Friday, November 20, 2009

Permanent Employment

The following was sent to me via email. I'm aware that the intended "lesson" was supposed to be political. Well, you know what they say about intentions. Unlike the writer of the piece, I see this as illustrative of a language problem, or maybe the state of education today. One thing for sure--if this is the state of our spoken language today, English teachers are never going to be unemployed.


CLUELESS in Seattle

In a Seattle , Washington college classroom, they were discussing the qualifications to be President of the United States . It was pretty simple. The candidate must be a natural born citizen of at least 35 years of age.

However, one girl in the class immediately started in on how unfair was the requirement to be a natural born citizen. In short, her opinion was that this requirement prevented many
capable individuals from becoming president. The class was taking it in and letting her rant, but everyone's jaw hit the floor when she wrapped up her argument by stating, “What makes a natural born citizen any more qualified to lead this country than one born by C-section?”
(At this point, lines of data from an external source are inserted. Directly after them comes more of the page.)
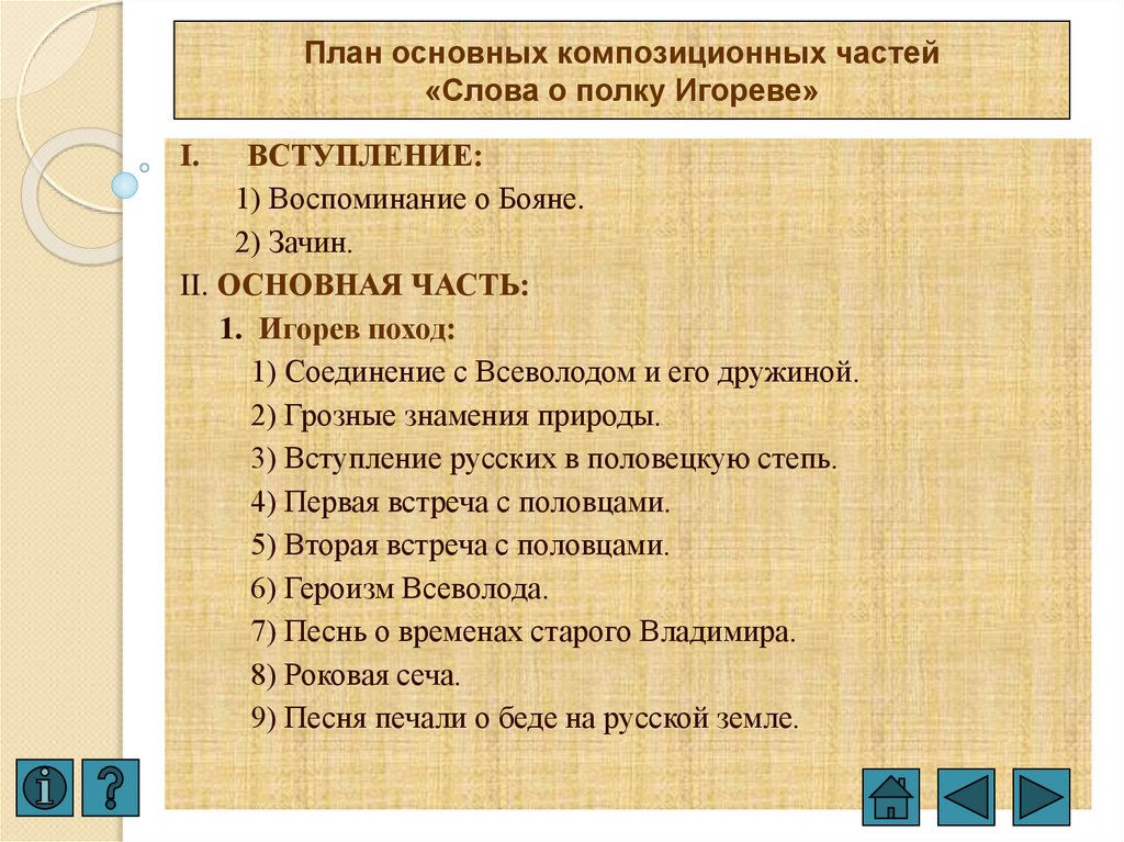 27. Контрольные вопросы по «Слову о полку Игореве»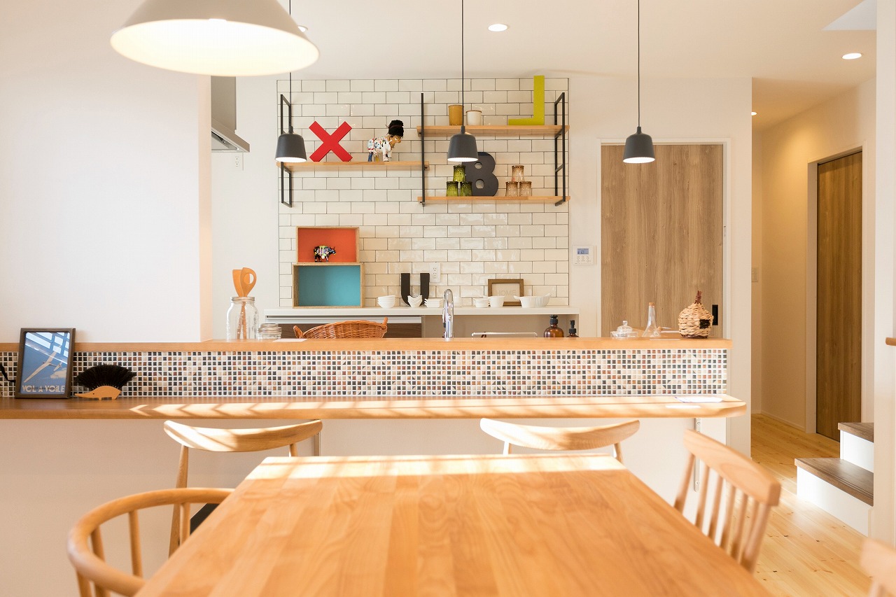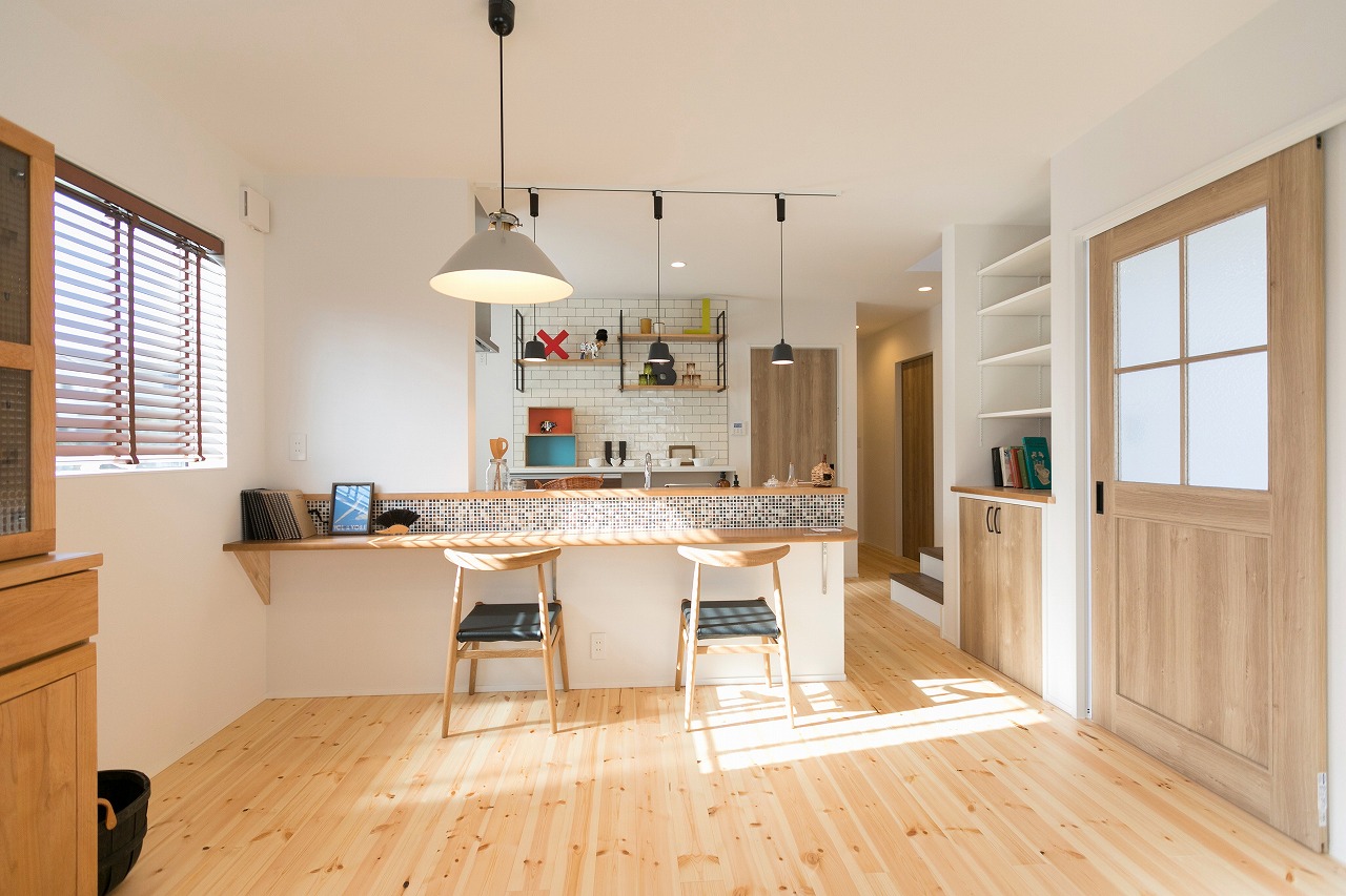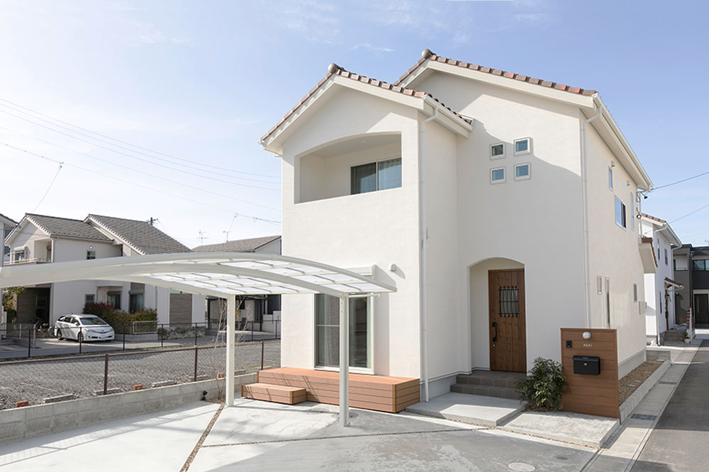 注文住宅 ほどよくフェミニン〜南欧カントリーハウス 弥富市A様邸 Exterior 瓦屋根と漆喰の塗壁がフェミニンな印象を与えてくれるこだわりの南欧カントリーハウスです。玄関のアーチ壁や小窓のアクセントなど細部までこだわったかわいらしいお家に仕上がりました。 Living & Dining モモナチュラルの家具に合わせて、床はパイン材を使用。 Kitchen 腰壁にタイルを使用したりとこだわりが詰まったキッチンです。 Japanese Room 和室は色合いを揃えつつ少し落ち着いた印象に Kids Room 元気の出るビタミンカラーの子供部屋 Master Room 一覧へ 前へ 次へ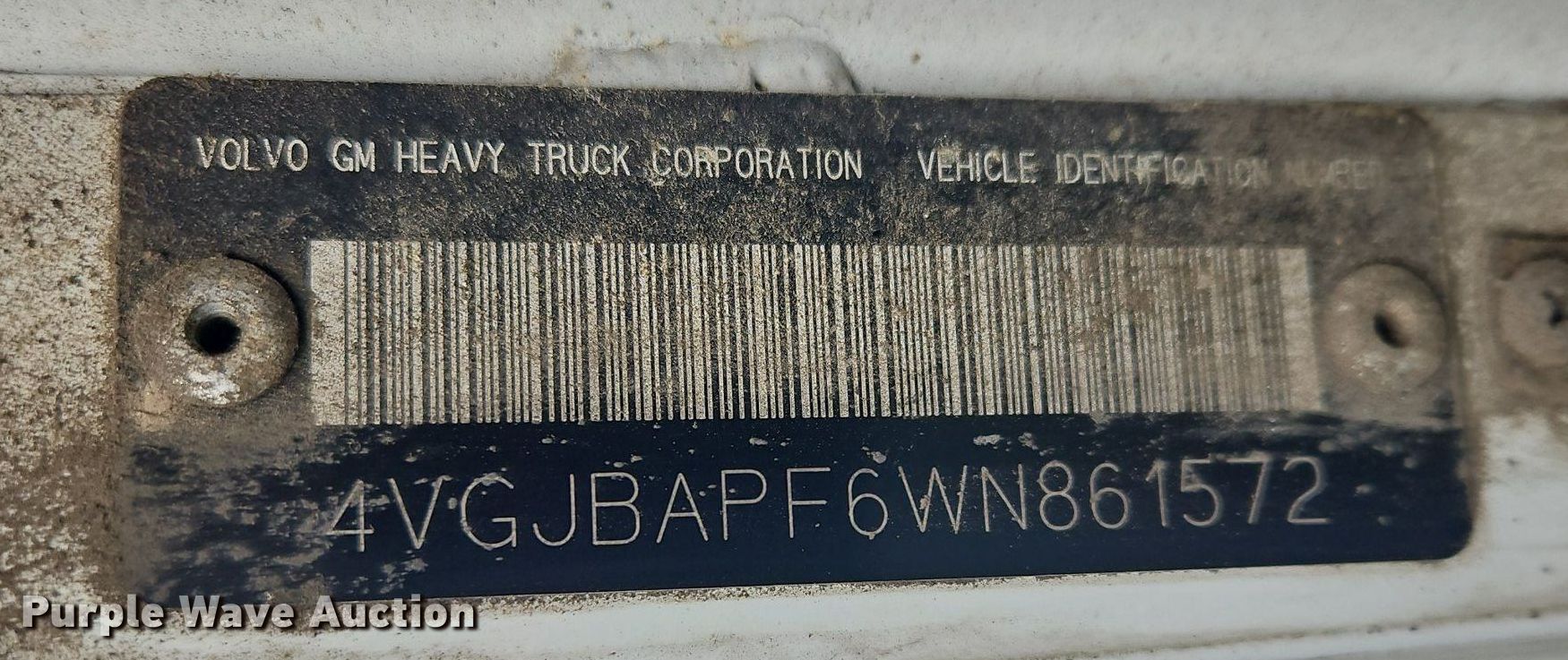 Purple Wave is selling a used Truck Tractor in Ohio. This item is a 1998 Volvo WG semi truck with the following: Miles: 104,858 on odometer, VIN: 4VGJBAPF6WN861572

Yep, these are the 18 year olds that just voted for the President of the United States . These are our future leaders. Are we in trouble or what?

12 comments:

Deb said...

that's really scary.

Dave said...

What's scary is that there is no real evidence that our 18 year old voters are any less clueful than our 30, 40, or 50 year old voters.

You know how stupid the average person is? Well, think about it, half are even stupider than that. (*)


(*) Yes, it's really median, rather than mean, but since intelligence decently approximates a bell curve, it's close enough.

Dave said...

Also, in fairness, this wasn't really an issue of knowledge of English. It was a lack of knowledge of a specialized legal term.

Anonymous said...

I would not be so ready to believe that this a true story. There are so many cute or not so cute little stories like this that make the chain email circuit that I take most of them with a huge grain of salt -- if I even read them at all.

ProfK said...

Dave,
the definition of what "natural born" means apropos of the presidency is explained in high school as part of teaching of American History.

Anonymous,
I take a lot of those pass around emails with multiple grains of salt. However, I teach college English, and have taught on multiple college campuses. This scenario is so plausible. Vocabulary usage is a real problem. When a student tells me that we live in an effluent society, I cringe. When I point out that there are two words--affluent and effluent--and that they mean very different things, I get incredulous stares. Despite all their years of schooling, some students still express incredulity that one word can have multiple meanings.

Anyone who teaches will tell you that they are no longer surprised by the things that come out of students' mouths.

G6 said...

Although, I know this was not your main point, but permit me to digress for a moment because your story also illustrates quite well another failing we have in educating our children - the use of correct words to describe body parts and other sensitive information.
The phrase vaginal childbirth is considered "unseemly" so the less correct natural childbirth is substituted.
Little children are taught that their lower regions are called "tushies" and then when G-d forbid they have a pain, they cannot describe where. We teach our children eyes, ears, nose, throat, head, shoulders, knees and toes (knees and toes) but couch anything else in the vaguest of terms "mishum tzniyus". It's a disservice to our children.

r said...

"Dave,
the definition of what "natural born" means apropos of the presidency is explained in high school as part of teaching of American History."

I think Dave has a point. I don't think it is at root really an issue of language as it is a deficiency in what they used to call civics.

ProfK said...

I agree G6. There seems to be a problem in calling a spade a spade, if that spade is somewhere between the knees and the shoulders. I'd be willing to bet that if we took 10 parents and asked them to give the names used by them, and their children, for this portion of the human anatomy, we'd probably get about 100 different terms, none of them the correct anatomical term.

Re the "natural childbirth," this bothered me no end back when I was having children, and still does now. "Natural childbirth" was supposed to be drug free, and by vaginal delivery only. So that left the rest of us having "unnatural" childbirth? Carry that out to its logical end and that would mean that children delivered by "unnatural" childbirth are themselves "unnatural."

Critically Observant Jew said...

ProfK, would it sound better if she said, “What makes a natural born citizen any more qualified to lead this country than one who was untimely ripped?”

(somehow that part of Macbeth stayed with me - probably because I was delivered that way)

Dave said...

Well, she'd get serious style points from me for that phrasing.

Ari said...

At least she had an opinion. Many kids just don't care about politics or civics.

Mike S said...

Considering that an appeals court just devoted a 19 page opinon to dismissing the notion that President Obama's father's British citizenship did not disqualify the president from office, perhaps the definition we all learned in high school isn't so obvious.